Brown, among dyers, painters, &c., a dusky colour inclining towards redness. Of this colour there are various shades or degrees, distinguished by different appellations; for instance, Spanish-brown, a fad-brown, a tawney-brown, the London brown, a clove-brown, &c.
Spanish-brown is a dark dull red, of a horse-flesh colour. It is an earth; and is of great use among painters, being generally used as the first and priming colour that they lay upon any kind of timber-work in house-painting. That which is of the deepest colour, and freest from stones, is the best.
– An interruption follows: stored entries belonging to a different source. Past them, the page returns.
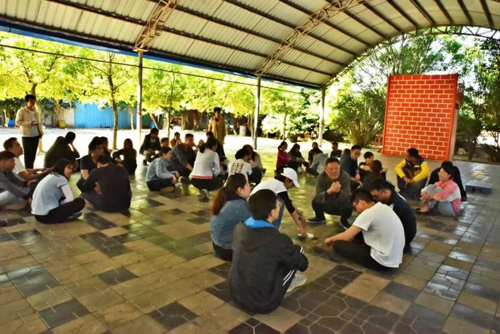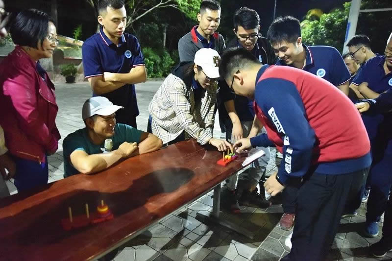 用餐完毕后,团队进行“汉诺塔”游戏和各自小组表演
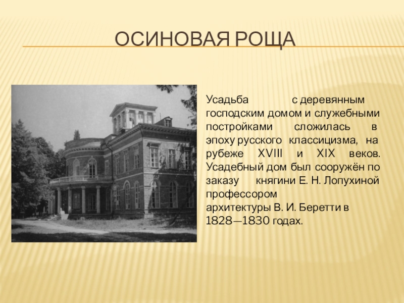 сторонники продолжения либеральных преобразований. Последним частным владельцем Осиновой Рощи был князь Б. Л. Вяземский.
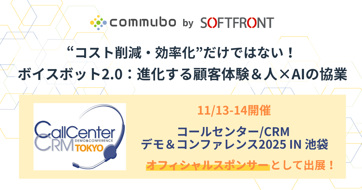 ソフトフロント、コールセンター/CRM デモ&コンファレンス2025 in 池袋にオフィシャルスポンサーとして出展 “コスト削減・効率化”だけではない! ボイスボット2.0:進化する顧客体験&人×AIの協業
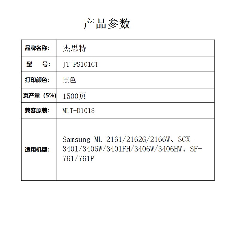 杰思特MLT-D101S硒鼓JT-PS101CT适用三星ML-2161 SCX-3401打印机硒鼓支 黑色
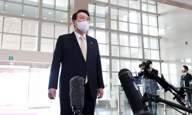 À±¼®¿ ´ëÅë·ÉÀÌ 10ÀÏ ¿ÀÀü ¼¿ï ¿ë»ê ´ëÅë·É½Ç û»ç·Î Ãâ±Ù, ±âÀÚµé°ú ÁúÀÇÀÀ´äÀ» Çϰí ÀÖ´Ù. À± ´ëÅë·ÉÀº 10ÀÏ ¼¿ï&nbs...
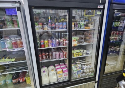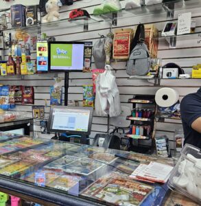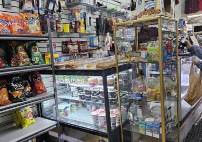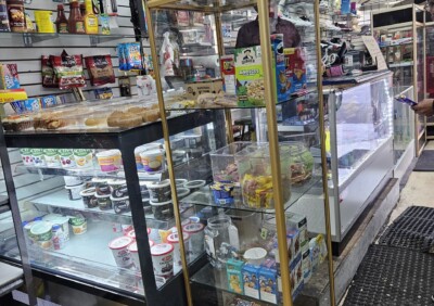 Milk, Pop, Ice Cream, Candy, Small Groceries, Smokes, Sandwiches, Pastries, Chips and other comfort/snack foods. Bread, Milk, Dairy – Yogart, cheese. Bongs and other supplies, tobacco and accessories, canned goods, a large assortment of shoes, backpacks, handbags, and shirts, and more.

Though this is of a dirty brown colour, yet it is much used, not to colour any garment, unless it be an old man's gown; but to shadow vermilion, or to lay upon any dark ground behind a picture, or to shadow yellow berries in the darkest places, when you want lake, &c. It is best and brightest when burnt in the fire till it be red-hot; although, if you would colour any hare, horse, dog, or the like, it should not be burnt: but, for other uses, it is best when it is burnt; as for colouring wood, pots, bodies of trees, or any thing else of wood, or any dark ground of a picture.